[Stored records]
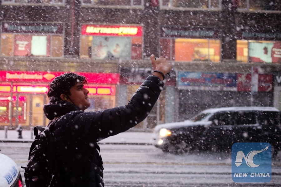 A man takes selfie in the snowstorm in Manhattan of New York City, the United States, March 7, 2018. (Xinhua/Li Muzi)
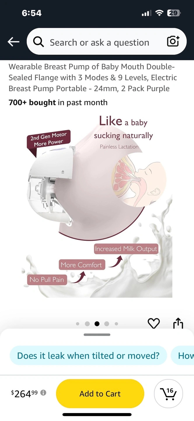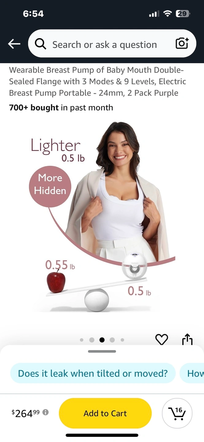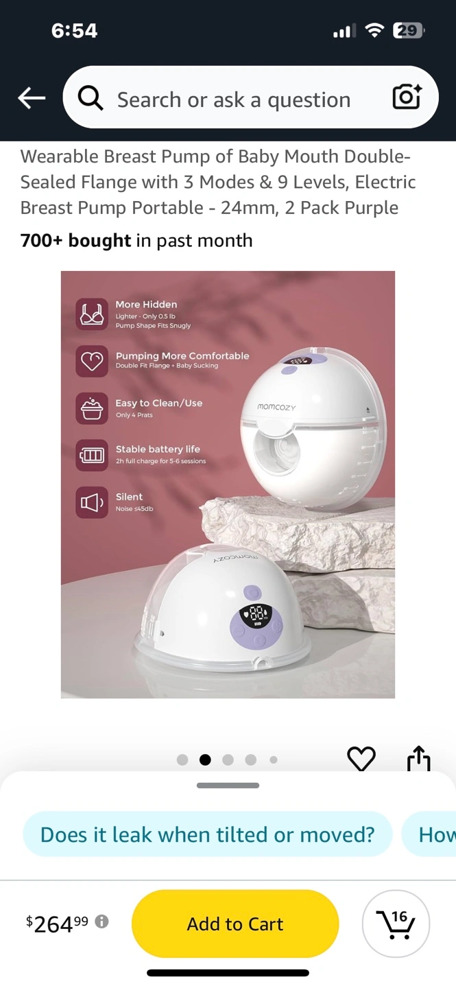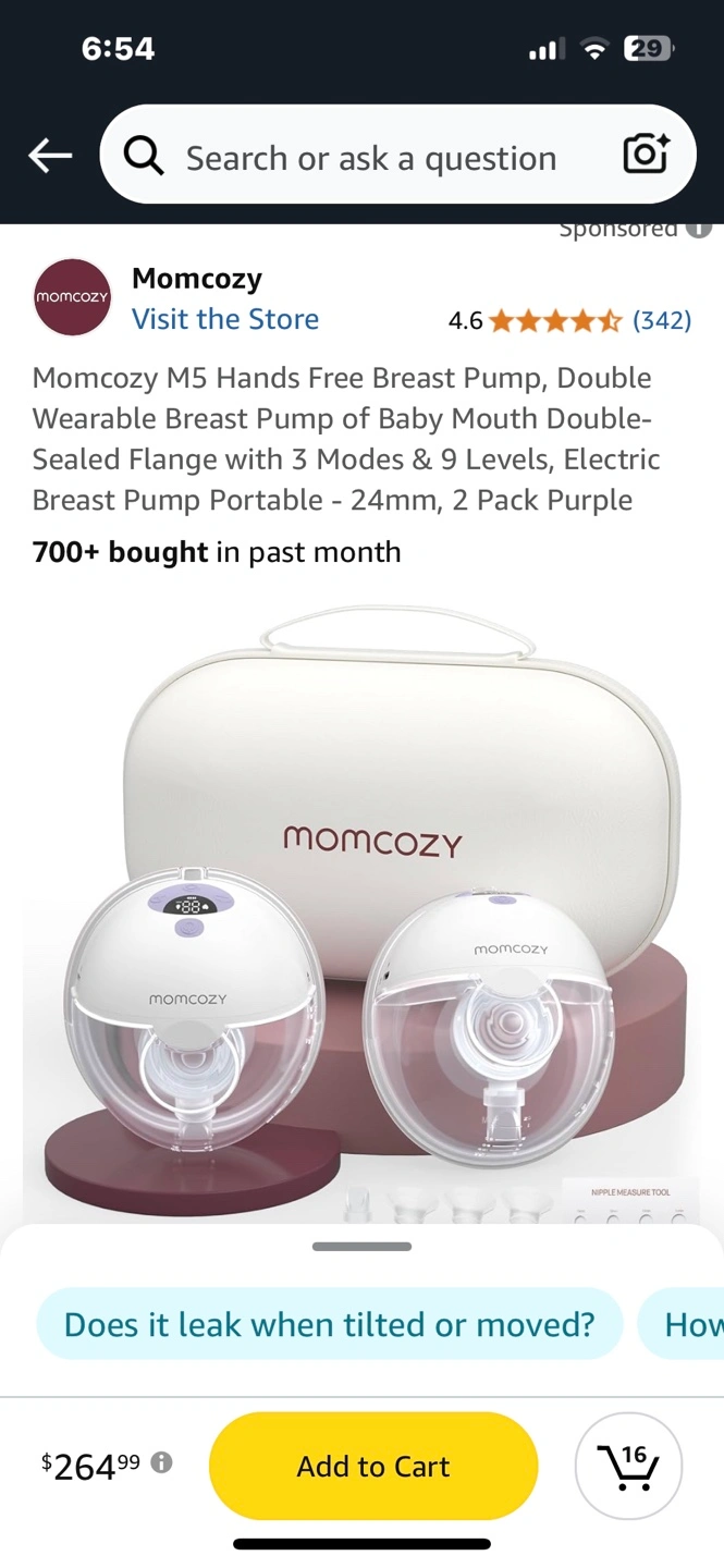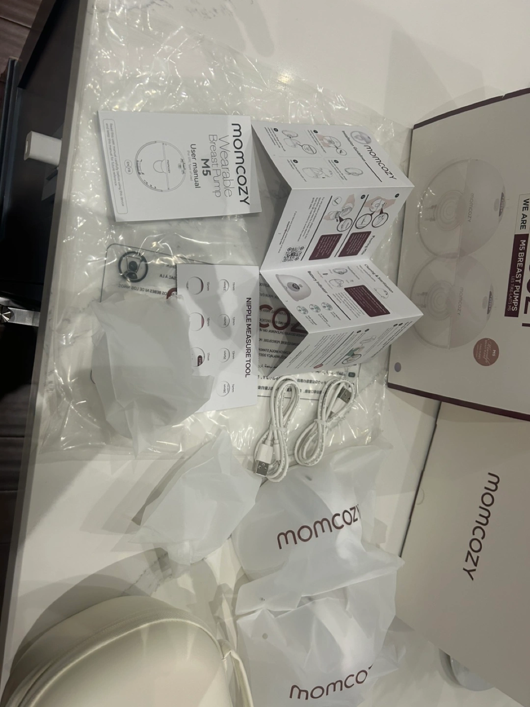 Two wearable breast pumps. Portable and rechargeable. Includes carrying case and accessories. Three modes and nine suction levels. 24mm flange.
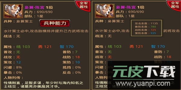 双方策攻值相同,可见枭算·陈宫的基础输出能力明显更高。
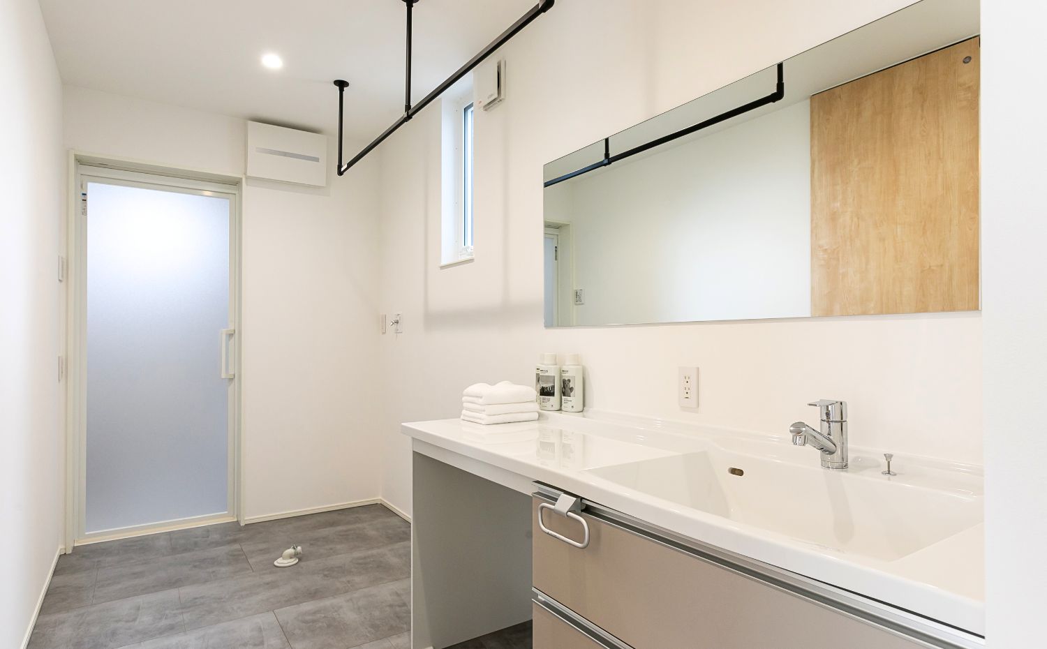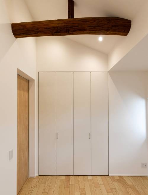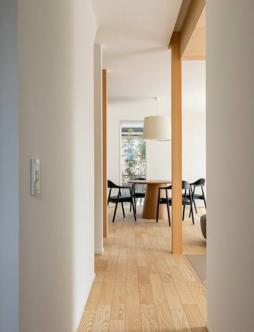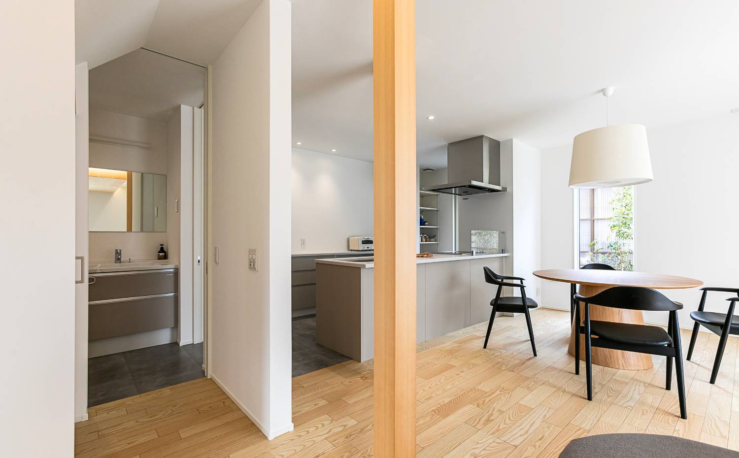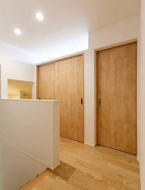 木の温もりと白壁のコントラストが美しく、帰宅時にほっとする落ち着いた雰囲気に仕上がっています。
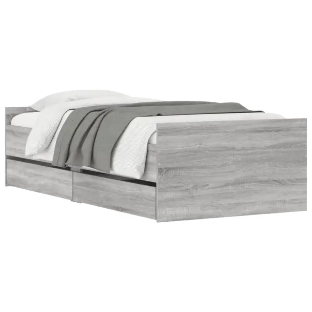 Dodajte svoji spalnici moderen pridih s tem posteljnim okvirjem s predali! Predstavlja praktičen in dekorativen dodatek za vaš bivalni prostor. Vzdržljiv material: Posteljni okvir je izdelan iz inženirskega lesa. Inženirski les se ponaša z izjemno kakovostjo, gladko površino ter močjo, stabilnostjo in odpornostjo na vlago.Trdne letvice: Letvice iz vezanega lesa omogočajo dobro porazdelitev teže in zagotavljajo, da vzmetnica ostane na mestu ob vsakem zasuku in obračanju med spanjem.Funkcija shranjevanja: Priloženi posteljni predali nudijo dovolj prostora za shranjevanje potrebščin, da bo soba čista in urejena. Dobro je vedeti:Vzmetnica ni priložena tej postelji. Ponujamo različno izbiro ležišč. V naši trgovini si lahko ogledate ustrezne vzmetnice.Barva: Siva sonomaMaterial posteljnega okvirja: Inženirski lesMaterial letvic: Vezan lesCelotne dimenzije: 203 x 102 x 50 cm (D x Š x V)Dimenzije predala (vsak): 98,5 x 47 x 16,5 cm (D x Š x V)Velikost primerne vzmetnice: 100 x 200 cm (Š x D) (vzmetnica ni priložena)Potrebno sestavljanje: DaPaket vsebuje:1 x Posteljni okvir2 x Predal 3207369
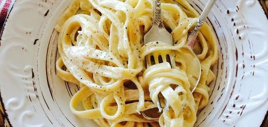 Добавляем еще воды, если это необходимо. Вода от пасты поможет придать блюду более мягкий и сливочный вкус. Мешаем пасту около 3 минут. (Для более быстрого приготовления можно смешать воду и масло на тонкой сковороде и довести до кипения, а потом кинуть туда пасту и пармезан, помешивать около 2 минут). Подаем фетучини горячей на теплых тарелках.
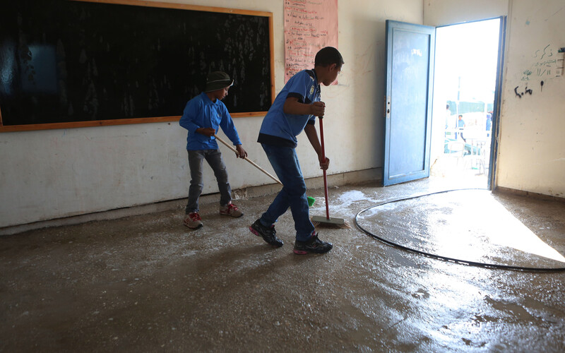 Students clean their classroom at Arab al-Kaabneh school in al-Muarrajat area near the West Bank city of Jericho on 28 August, the first day of the new school year. The school is one of several structures in the Bedouin community built over the objections of the Israeli military occupation authorities, who refused to issue construction permits and threaten to demolish the structures.
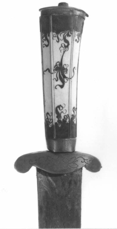 Impugnatura di corno a sezione esagonale irregolare scantonata, leggermente ricurva e allargantesi verso l'alto, lavorata a cordoncini rilevati sugli spigoli e dipinta a finto intarsio con nastri vegetali,due mezze olive in ottone su una faccia, cappetta sagomata con anellino per il passaggio della cordicella, sormontata da bottone entro cui è ribattuto il codolo, ghiera liscia in basso, blocchetto terminante ai lati in due dischi con decorazione floreale e punteruoli in protomi canine, lama poco ricurva a un filo e costola, con ampia sgusciatura ai piatti, sul dorso, per tutto lo sviluppo del forte, presenta un'incisione con una lunga freccia, al forte incisione con trofei, stelline e cifre, fodero in pelle nera con cappa e puntale in ottone decorati su un lato con incisioni e scudo, anellino con cappa.
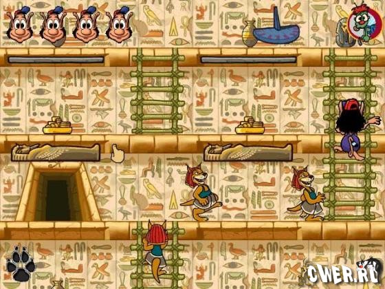 - Пройдя по всем этажам древней пирамиды, Кузя должен помочь мастеру похоронных дел уложить три мумии в отведенные для них саркофаги. Но сделать это не так-то просто – ведь в коридорах пирамиды Кузька может столкнуться с разбойниками, которые охотятся за золотом и драгоценностями. К тому же нашему герою нужно обязательно успеть до рассвета.

▸ **Description of the task**:
The records above are to be transcribed word for word. Skip the images.

▸ **Answer**:
 A man takes selfie in the snowstorm in Manhattan of New York City, the United States, March 7, 2018. (Xinhua/Li Muzi)
 Two wearable breast pumps. Portable and rechargeable. Includes carrying case and accessories. Three modes and nine suction levels. 24mm flange.
 双方策攻值相同,可见枭算·陈宫的基础输出能力明显更高。
 木の温もりと白壁のコントラストが美しく、帰宅時にほっとする落ち着いた雰囲気に仕上がっています。
 Dodajte svoji spalnici moderen pridih s tem posteljnim okvirjem s predali! Predstavlja praktičen in dekorativen dodatek za vaš bivalni prostor. Vzdržljiv material: Posteljni okvir je izdelan iz inženirskega lesa. Inženirski les se ponaša z izjemno kakovostjo, gladko površino ter močjo, stabilnostjo in odpornostjo na vlago.Trdne letvice: Letvice iz vezanega lesa omogočajo dobro porazdelitev teže in zagotavljajo, da vzmetnica ostane na mestu ob vsakem zasuku in obračanju med spanjem.Funkcija shranjevanja: Priloženi posteljni predali nudijo dovolj prostora za shranjevanje potrebščin, da bo soba čista in urejena. Dobro je vedeti:Vzmetnica ni priložena tej postelji. Ponujamo različno izbiro ležišč. V naši trgovini si lahko ogledate ustrezne vzmetnice.Barva: Siva sonomaMaterial posteljnega okvirja: Inženirski lesMaterial letvic: Vezan lesCelotne dimenzije: 203 x 102 x 50 cm (D x Š x V)Dimenzije predala (vsak): 98,5 x 47 x 16,5 cm (D x Š x V)Velikost primerne vzmetnice: 100 x 200 cm (Š x D) (vzmetnica ni priložena)Potrebno sestavljanje: DaPaket vsebuje:1 x Posteljni okvir2 x Predal 3207369
 Добавляем еще воды, если это необходимо. Вода от пасты поможет придать блюду более мягкий и сливочный вкус. Мешаем пасту около 3 минут. (Для более быстрого приготовления можно смешать воду и масло на тонкой сковороде и довести до кипения, а потом кинуть туда пасту и пармезан, помешивать около 2 минут). Подаем фетучини горячей на теплых тарелках.
 Students clean their classroom at Arab al-Kaabneh school in al-Muarrajat area near the West Bank city of Jericho on 28 August, the first day of the new school year. The school is one of several structures in the Bedouin community built over the objections of the Israeli military occupation authorities, who refused to issue construction permits and threaten to demolish the structures.
 Impugnatura di corno a sezione esagonale irregolare scantonata, leggermente ricurva e allargantesi verso l'alto, lavorata a cordoncini rilevati sugli spigoli e dipinta a finto intarsio con nastri vegetali,due mezze olive in ottone su una faccia, cappetta sagomata con anellino per il passaggio della cordicella, sormontata da bottone entro cui è ribattuto il codolo, ghiera liscia in basso, blocchetto terminante ai lati in due dischi con decorazione floreale e punteruoli in protomi canine, lama poco ricurva a un filo e costola, con ampia sgusciatura ai piatti, sul dorso, per tutto lo sviluppo del forte, presenta un'incisione con una lunga freccia, al forte incisione con trofei, stelline e cifre, fodero in pelle nera con cappa e puntale in ottone decorati su un lato con incisioni e scudo, anellino con cappa.
 - Пройдя по всем этажам древней пирамиды, Кузя должен помочь мастеру похоронных дел уложить три мумии в отведенные для них саркофаги. Но сделать это не так-то просто – ведь в коридорах пирамиды Кузька может столкнуться с разбойниками, которые охотятся за золотом и драгоценностями. К тому же нашему герою нужно обязательно успеть до рассвета.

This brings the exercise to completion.